Additional context Here's a stack trace I gathered while event processing was blocked on diffing large json files.

This is the problematic code: https://github.com/emissary-ingress/emissary/blame/0e0bd6a5ec6cf639b2ee751086e9bddc37baf150/python/ambassador_diag/diagd.py#L549

<_MainThread(MainThread, started 140439936146760)>
  File "/usr/bin/diagd", line 33, in <module>
    sys.exit(load_entry_point('ambassador==0.0.0.dev0', 'console_scripts', 'diagd')())
  File "/usr/lib/python3.8/site-packages/ambassador-0.0.0.dev0-py3.8.egg/ambassador_diag/diagd.py", line 2174, in main
    clize.run(_main)
  File "/usr/lib/python3.8/site-packages/sigtools/modifiers.py", line 158, in __call__
    return self.func(*args, **kwargs)
  File "/usr/lib/python3.8/site-packages/clize/runner.py", line 363, in run
    ret = cli(*args)
  File "/usr/lib/python3.8/site-packages/clize/runner.py", line 220, in __call__
    return func(*posargs, **kwargs)
  File "/usr/lib/python3.8/site-packages/ambassador-0.0.0.dev0-py3.8.egg/ambassador_diag/diagd.py", line 2166, in _main
    StandaloneApplication(app, gunicorn_config).run()
  File "/usr/lib/python3.8/site-packages/gunicorn/app/base.py", line 72, in run
    Arbiter(self).run()
  File "/usr/lib/python3.8/site-packages/gunicorn/arbiter.py", line 202, in run
    self.manage_workers()
  File "/usr/lib/python3.8/site-packages/gunicorn/arbiter.py", line 551, in manage_workers
    self.spawn_workers()
  File "/usr/lib/python3.8/site-packages/gunicorn/arbiter.py", line 622, in spawn_workers
    self.spawn_worker()
  File "/usr/lib/python3.8/site-packages/gunicorn/arbiter.py", line 589, in spawn_worker
    worker.init_process()
  File "/usr/lib/python3.8/site-packages/gunicorn/workers/gthread.py", line 92, in init_process
    super().init_process()
  File "/usr/lib/python3.8/site-packages/gunicorn/workers/base.py", line 142, in init_process
    self.run()
  File "/usr/lib/python3.8/site-packages/gunicorn/workers/gthread.py", line 200, in run
    events = self.poller.select(1.0)
  File "/usr/lib/python3.8/selectors.py", line 468, in select
    fd_event_list = self._selector.poll(timeout, max_ev)

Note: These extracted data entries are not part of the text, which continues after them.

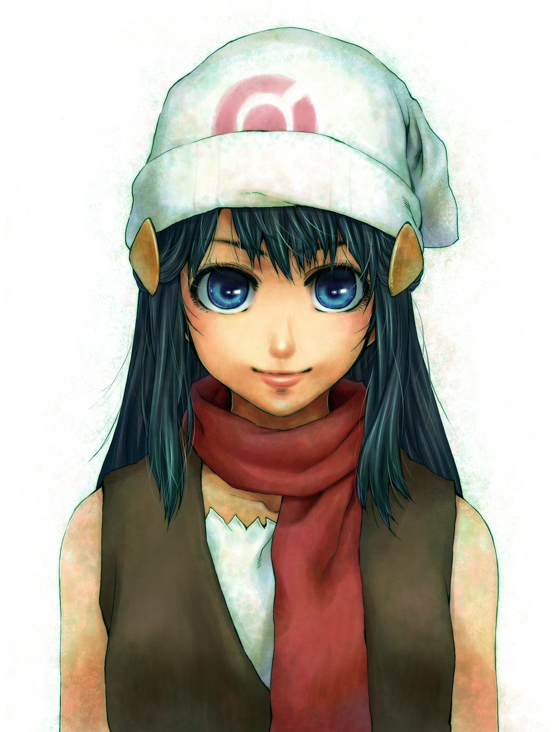 Description: A drawing of a girl with a hat and scarf on her head and a scarf around her neck.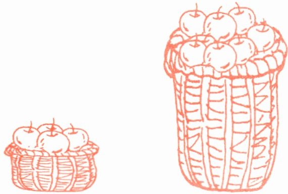 左 边 小 筐 中 有 10 个 苹 果 , 请 你 估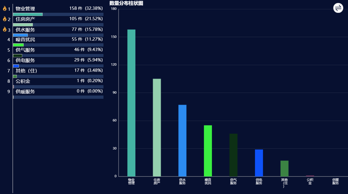 居住类诉求中,反映较为集中的是物业管理、住房房产和供水服务问题。物业管理类反映最多的是下水道堵塞或破损问题,住房房产类反映最多的是老旧小区改造问题,供水服务类主要以农村供水咨询为主。

<AmbassadorEventWatcher(AEW, started daemon 140439895325472)>
  File "/usr/lib/python3.8/threading.py", line 890, in _bootstrap
    self._bootstrap_inner()
  File "/usr/lib/python3.8/threading.py", line 932, in _bootstrap_inner
    self.run()
  File "/usr/lib/python3.8/site-packages/ambassador-0.0.0.dev0-py3.8.egg/ambassador_diag/diagd.py", line 1379, in run
    self.app.check_timers()
  File "/usr/lib/python3.8/site-packages/ambassador-0.0.0.dev0-py3.8.egg/ambassador_diag/diagd.py", line 441, in check_timers
    result = self.check_cache()
  File "/usr/lib/python3.8/site-packages/ambassador-0.0.0.dev0-py3.8.egg/ambassador_diag/diagd.py", line 504, in check_cache
    errors += self.json_diff("IR", i1, i2)
  File "/usr/lib/python3.8/site-packages/ambassador-0.0.0.dev0-py3.8.egg/ambassador_diag/diagd.py", line 461, in json_diff
    for line in difflib.context_diff(l1, l2, fromfile=n1, tofile=n2):
  File "/usr/lib/python3.8/difflib.py", line 1257, in context_diff
    for group in SequenceMatcher(None,a,b).get_grouped_opcodes(n):
  File "/usr/lib/python3.8/difflib.py", line 597, in get_grouped_opcodes
    codes = self.get_opcodes()
  File "/usr/lib/python3.8/difflib.py", line 550, in get_opcodes
    for ai, bj, size in self.get_matching_blocks():
  File "/usr/lib/python3.8/difflib.py", line 479, in get_matching_blocks
    i, j, k = x = self.find_longest_match(alo, ahi, blo, bhi)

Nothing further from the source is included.